# Some Tips Making Pictures Of Your Bird



## rhopkins (Jul 15, 2017)

I am going to share a few tips on improving your photo technique. If you will follow these steps below you will be able to share a much better picture of your little friend.

1. If your shooting with a digital camera turn off autofocus if possible.

2. If you want to shoot the picture through the wire and not open the door to the cage, then get as close to the wires as you can. I shoot with the front of the lens resting on the cage wires.

3. Since you have taken the lens off autofocus, you have to turn the manual focus ring on your lens. By doing the following the front wires of the cage should almost be invisible in the photograph.

4. For images made with a cellphone some do not allow you to shoot without autofocus. In this case you want to get the camera lens between two wires.
Rest the camera against the wire for support. You can get pretty good results with your phone it may take a few shots to get one just right.

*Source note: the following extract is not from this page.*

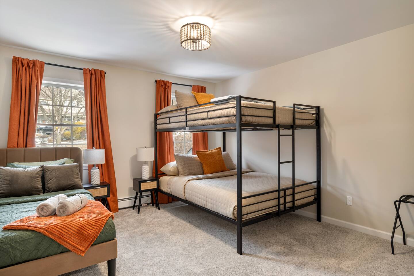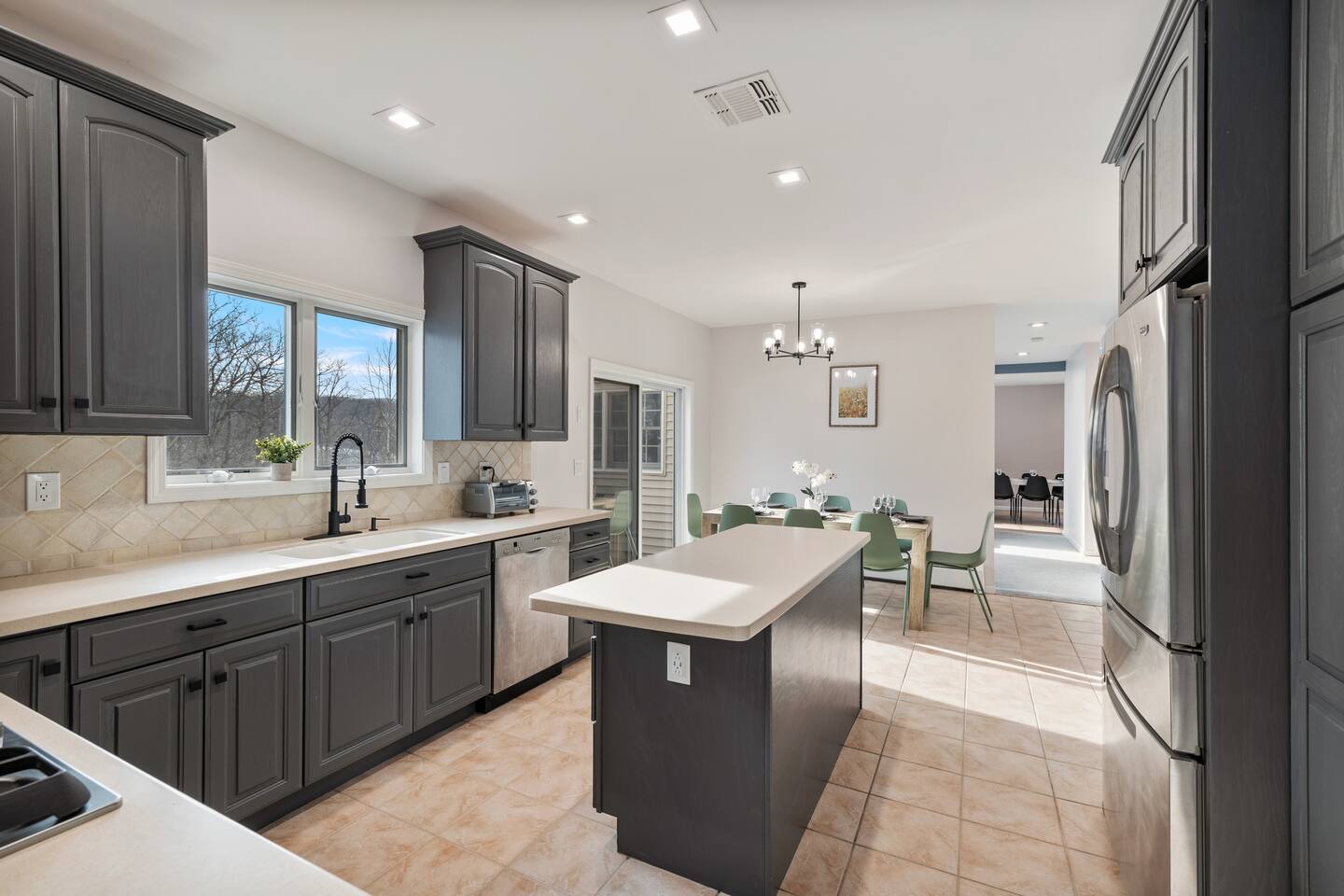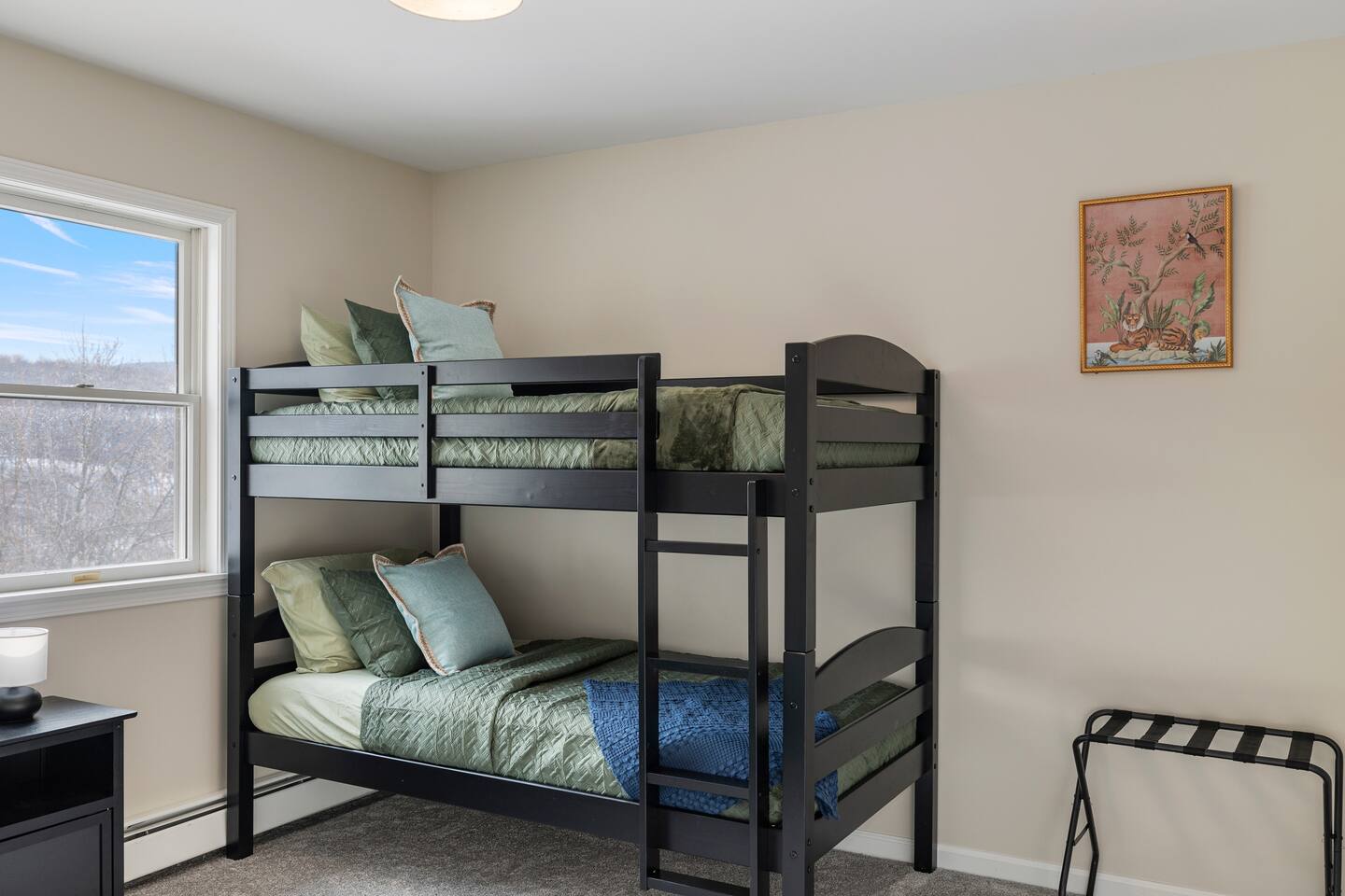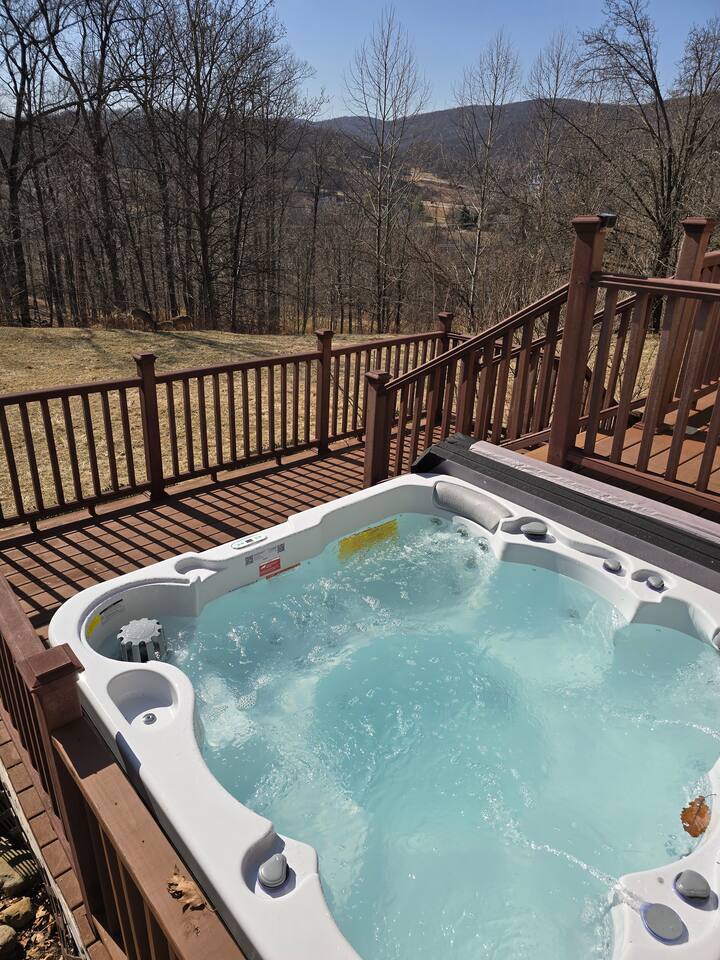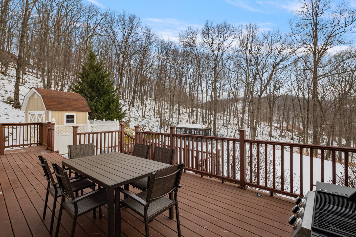 This spacious 9-bedroom, 3.5-bath home is perfect for large groups. The main floor features an open-concept living and dining area with high ceilings, a cozy wood-burning fireplace, a fully equipped kitchen with stainless steel appliances, a game room, a laundry room, and a bedroom with a queen bed. Upstairs, the primary suite includes a king bed, a twin daybed, a sitting area, and an en-suite bathroom with a large shower, jacuzzi tub, and double sinks. Four additional bedrooms are on this floor: one with a queen bed, one with a queen-over-queen bunk bed and a twin bed, one with a twin-over-twin bunk bed and a twin bed, and one with a king bed and a twin bed. A full bathroom is in the hallway. The lower level offers additional space with three more bedrooms: one with two twin beds, another with two twin beds, and a third with a queen-over-queen bunk bed and a twin-over-twin bunk bed. A full bathroom is also on this level. Step outside to enjoy the large deck with outdoor seating, a private hot tub available year-round, and a seasonal in-ground pool with a poolside bar and lounge area. The home also includes a grill for outdoor cooking and scenic mountain views, making it a perfect retreat for families and groups.

Hope the tips help you improve your pics. Thanks for reading the thread.


----------



## JRS (Sep 3, 2016)

Good tips
I’ll also add:
Turn your phone to silent so that the photo noise doesn’t alert your bird.
Editing phone photos by adjusting the rotation (when you’ve not held the camera quite straight) and by trimming the photo, can improve the photo a lot.


----------



## rhopkins (Jul 15, 2017)

Thanks for adding that good tip. Maybe it will encourge others to add tips as well.


----------